Funamanu is a small narrow island that is part of Funafuti, an atoll in Tuvalu. It is a motu (islet) or very small island 2.6 miles southwest of the southwest tip of Funafuti. The islet is covered in coconut trees which grow 70 feet high. Te Ava Pua Pua is the passage through the reef, with a least depth of 12.7 metres, between the islets of Funamanu to the north and Fale Fatu to the south, in the southeast of Funafuti atoll.

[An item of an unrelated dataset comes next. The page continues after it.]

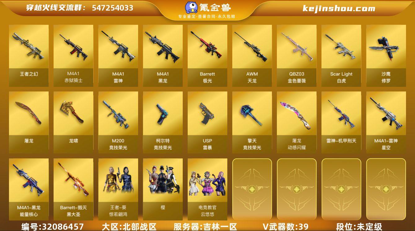 吉林一区-45V-5王者武器数-0炫金武器数 【热门武器】:QBZ03-金色蔷薇,Scar Light-白虎,M200-竞技荣光,USP-雷暴,沙鹰-修罗 【王者炫金武器】:王者之幻,悦蓝-惊涛骇浪 【音效卡】:Barrett-碧霄极光音效卡*2 【皮肤】:雷神-星空,雷神-机甲刑天皮肤,毁灭-黑大圣皮肤,黑龙-能量核心 【角色】:樱,电竞教官-云悠悠,王者葵-惊若翩鸿,蛇隐宗,奇洋探员,乔伊教练,修道士,云海玲珑,初恋灵狐,风暴女,零-水下丽影,潘多拉-X,潘多拉-甜心教官,蛇姬,樱-战斗天使 【人偶武器】:迷你宝贝,M4A1-蓝水晶-斯沃特精英,迷你裂空之翼,迷你波特博士,夺魂,迷你火种*2 【暴走生化】:超级对讲机 【挑战大师】:神圣爆裂者III,冰龙粉碎者-白马银枪,激光毁灭者III-白马银枪 【英雄级武器】:M4A1-黑龙,M4A1-雷神,Scar Light-白虎,QBZ03-金色蔷薇,王者之魄-觉醒版,超新星-悦享-觉醒版,AWM-天龙,Barrett-极光,M200-竞技荣光,王者星神-觉醒版,沙鹰-修罗,USP-雷暴,柯尔特-竞技荣光,屠龙,龙啸,擎天-竞技荣光,高爆手雷-竞技荣光*7,手雷-热带奇洋,闪光弹-竞技荣光*7,烟雾弹-竞技荣光*8,M4A1-赤狱骑士 【道具】:云山科技背包,奇洋探员-海龟背包,女皇终结者-背包,次元之矛-黄金背包,炫彩背包,背包-洛丽塔,超级背包,女皇终结者-魔龙之吻,救世主-黑桃战神,绿色巨人,灵魂忍者*2,迷雾幽灵,生化弹匣,夺命之镰,防化服*3,金色流光-枪王排位,星辰流光-枪王排位,流光-鎏金之域,枪王排位29赛季金色流光,云海游龙表情,防弹头盔*4,防弹衣*4,C4工具钳*4,手雷包*4 【特殊枪械】:1白虎

Funamanu is an example of an island on an atoll that is mainly composed of coral debris eroded from encircling reefs and pushed up onto the island by winds and waves. Paul Kench at the University of Auckland in New Zealand and Arthur Webb at the South Pacific Applied Geoscience Commission in Fiji released a study in 2010 on the dynamic response of reef islands to sea level rise in the central Pacific. Funamanu was mentioned in the study as being one of seven islands on the atolls of Tuvalu that have spread by more than 3 per cent on average since the 1950s. Funamanu gained 0.44 hectares, or nearly 30 per cent of its previous area.

The storm surge resulting from a tropical cyclone can dramatically shift coral debris. In 1972 Funafuti was in the path of Cyclone Bebe. Tropical Cyclone Bebe was a pre-season tropical cyclone that impacted the Gilbert, Ellice Islands, and Fiji island groups. First spotted on October 20, the system intensified and grew in size through October 22.